Keep in mind that some hotels like NYNY and MGM will charge a daily "activities" or "resort" fee on top of the advertised price.   Be sure to read the fine print.  For that reason, I typically tend to look at the Caesar's properties like Harrahs, Paris, Ballys as they do not charge a daily fee.   

Mike


----------



## Renny30 (Sep 22, 2012)

Paris is my favorite, but it wasn't on the list. I love the breakfast!


----------



## LisaH (Sep 23, 2012)

I have booked at NYNY. Thanks for all the suggestions!


----------



## Larry (Sep 23, 2012)

Just got back from Elara a couple of weeks ago and loved it. Great location and if you can get a 1BR that would be fantastic. We had studio unit which was still better than any hotel room in Vegas.

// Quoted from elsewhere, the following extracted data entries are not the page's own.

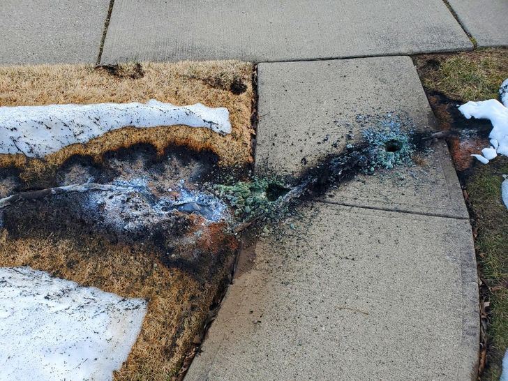 8. یک سیم برق فعال بر روی پیاده رو افتاده و باعث شد تا نه تنها یخ ها ذوب شوند، بلکه توانست شن های موجود زیر برف را تبدیل به شیشه کند.
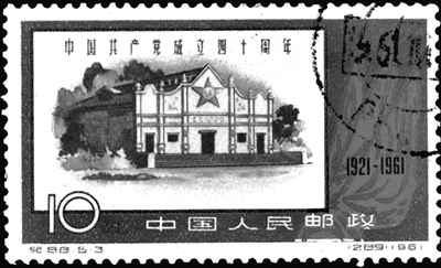 1961年7月1日,發行紀88《中國共產黨成立四十周年》紀念郵票,全套5枚,面值共0.72元,發行量150萬套。第一枚圖案是“一大”上海會址,第二枚是南昌八一大樓,第三枚是瑞金中央大禮堂,第四枚是延安寶塔山,第五枚是北京天安門。該票問世時間較早,現存量很少,市場價約600元。
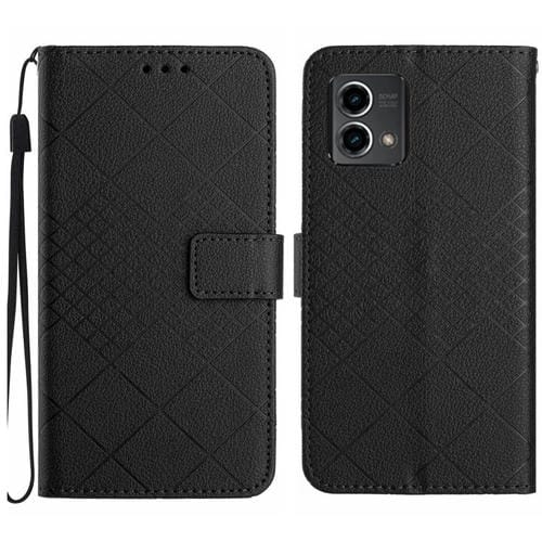 • 1x Funda de Cuero para Motorola Moto G Stylus 5G (2023) con Textura de Rejilla Rómbica (Negro)
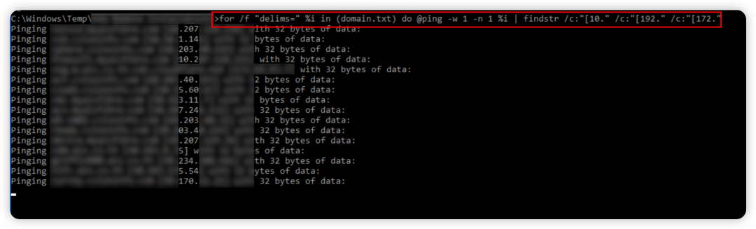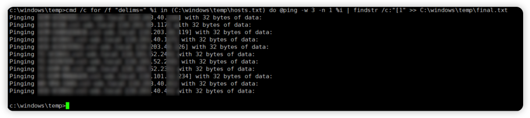 c:\windows\temp>cmd /c for /f "delims=" %i in (C:\windows\temp\hosts.txt) do @ping -w 3 -n 1 %i | findstr /c:"[1" >> C:\windows\temp\final.txt
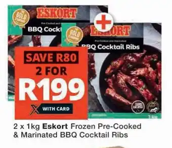 | 2 x 1kg Eskort Frozen Pre-Cooked & Marinated BBQ Cocktail Ribs | Checkers Hyper | R 199,00 | SAVE R80 | 20 May 2024 | 09 June 2024 | ||
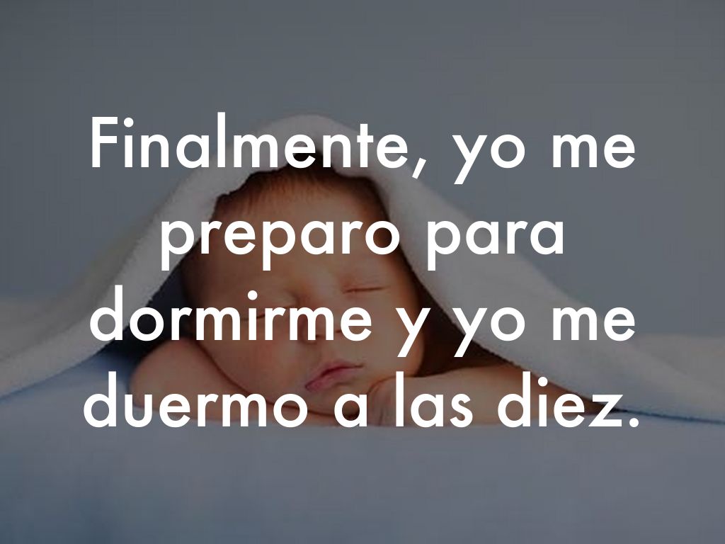 Finalmente, yo me preparo para dormirme y yo me duermo a las diez.
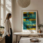 Ten plakat inspirowany Markiem Rothko pokazuje, jak kolor buduje nastrój. Złocistożółty jest główną tonacją, uzupełnioną chłodniejszymi i ciemnymi akcentami, co tworzy kompozycję intensywną, ale harmonijną i kojącą.
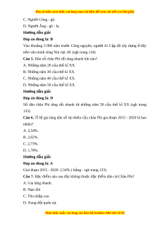 Câu 5. Dân số châu Phi r t ấ tăng nhanh khi nào? A. Nh ng năm ữ 20 c a ủ th k ế X ỉ X. B. Nh ng năm ữ 30 c a t ủ h kì ế XX. C. Nh ng năm ữ 40 c a t ủ h k ế ỉ XX. D. Nh ng năm ữ 50 c a ủ th k ế X ỉ X. Hư ng ớ d n gi ẫ i ả
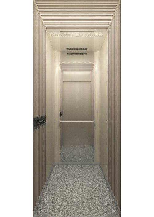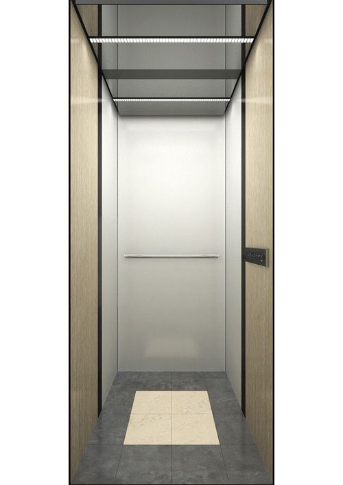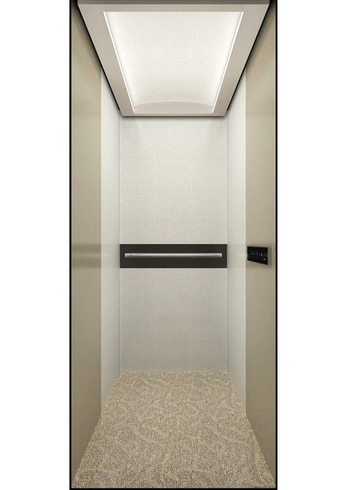 轎廂型號:YG-1622  天井:白色砂紋噴漆板(YG-05)+鏡面不銹鋼  兩側、后側板:兩側香檳色砂紋鋼板(YG-07),后側香檳色砂紋鋼板(YG-07)+深咖色砂紋烤漆板(YG-08)+鏡面飾條  前側板、門楣:緞紋不銹鋼  轎門:緞紋不銹鋼  地板:FL-P34(米黃PVC)  操作盤:BD-D2F1
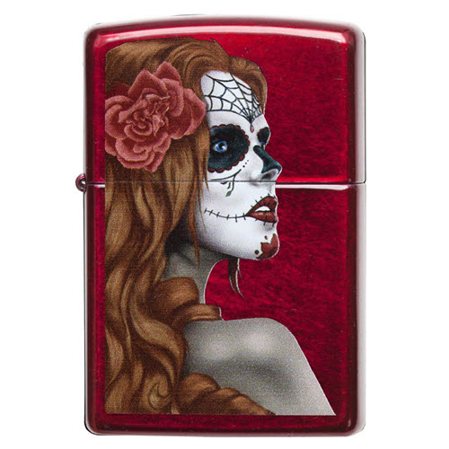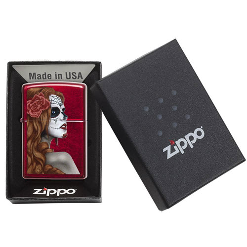 Lấy cảm hứng từ lễ hội Day of the Dead của Mexico, bật lửa màu Đỏ Candy Apple này có một cô gái với một bông hoa hồng trên tóc. Sản phẩm được đóng gói trong hộp quà tặng. Để đạt hiệu suất tốt nhất, hãy nạp nhiên liệu bật lửa Zippo.

I stayed at Luxor many years ago and hated it and would never go back!!!

Tropicana has been newly renovated and looks nice but location can not compare to Elara. I  recently wrote a TUG review ( although it still is listed as Planet Hollywood at Westgate in the TUG database).


----------



## colamedia (Sep 24, 2012)

I know of quite a few people that are uncomfortable with the Luxor because it is based on a tomb - eg my Chinese neighbour wouldn't stay there, and I know of quite a few Singaporeans that won't. It may not apply to your nephew, but there are enough other choices to leave out Luxor so you don't have to worry about that possible consideration.


----------